OK, with UEFI systems, it uses only the one EFI System partition, as you stated earlier.
The recovery partition is created as necessary. I do not know for sure what the partitions on Disk 2 are but I assume they are left over Dell recovery partitions. Had you checked the reagentc /info command before the clean install, you would have known where the Original Win 11 Recovery Tools Partition was.
The upgrade does what upgrades do and created a new partition on the second drive to try to keep it together with the OS.
Maybe I am missing your point. So starting from a Clean Disk 1, what would you have expected to see after the clean install? Do you feel the original install should have added the Recovery partition on Disk 1?
There are many unknowns in your process. The 150 MB System EFI partition, I assume you pre-partitioned the drive in some manner. Since you have the 13 MB unallocated space at the end of Disk 2, that install may have been a clone from a Dell system. And a normal Windows install will not create a 1 GB recovery tools partition.

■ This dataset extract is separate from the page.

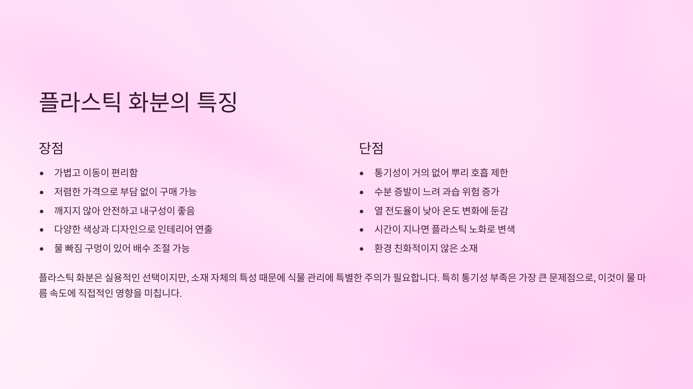 플라스틱 화분 물 마름이 느린 이유와 해결법

"If you really want to test, do it with clean drives, and start with just the primary install, then add the second drive and install to it. I am not asking for clarification, just pointing out the situation. An install will do what it needs to do, based on your configuration. If you test, let us know what happens."
Hi again,
The Disk 2 SSD is the same it was when it came from the factory, nothing was changed on that including the 150MB EFI partition. Since I have a backup I can always restore it with the same layout.

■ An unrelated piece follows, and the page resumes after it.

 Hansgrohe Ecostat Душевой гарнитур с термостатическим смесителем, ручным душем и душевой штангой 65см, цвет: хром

Disk 1 SSD was added to install Windows 11 and the clean install setup should have added the recovery partition on first try, not after an Update in place.

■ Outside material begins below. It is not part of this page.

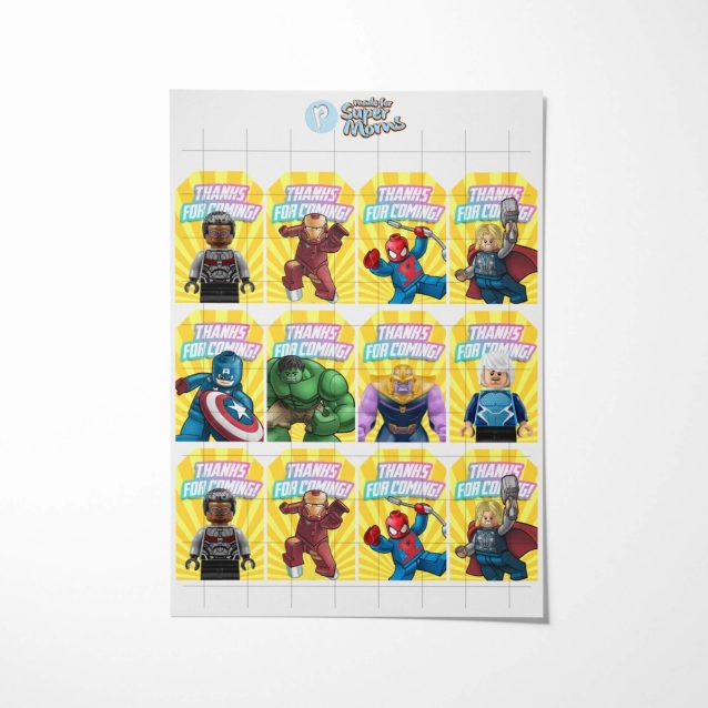 Choose printable Lego Avengers thank you tags to decorate your birthday gift and goodies and transform your kids’ party into cartoon adventure.

What you suggest in your last comment was already tried and did not make any difference.
It created the correct 4 partitions on the first install EFI, MSR, Windows, Recovery
Then the second install on the second drive just created 2 partitions MSR and Windows, no recovery.
EFI minimum is 100MB can be bigger, it is 150 on the original Dell probably because they have multiple recovery boot options. I saw that already had 90MB occupied.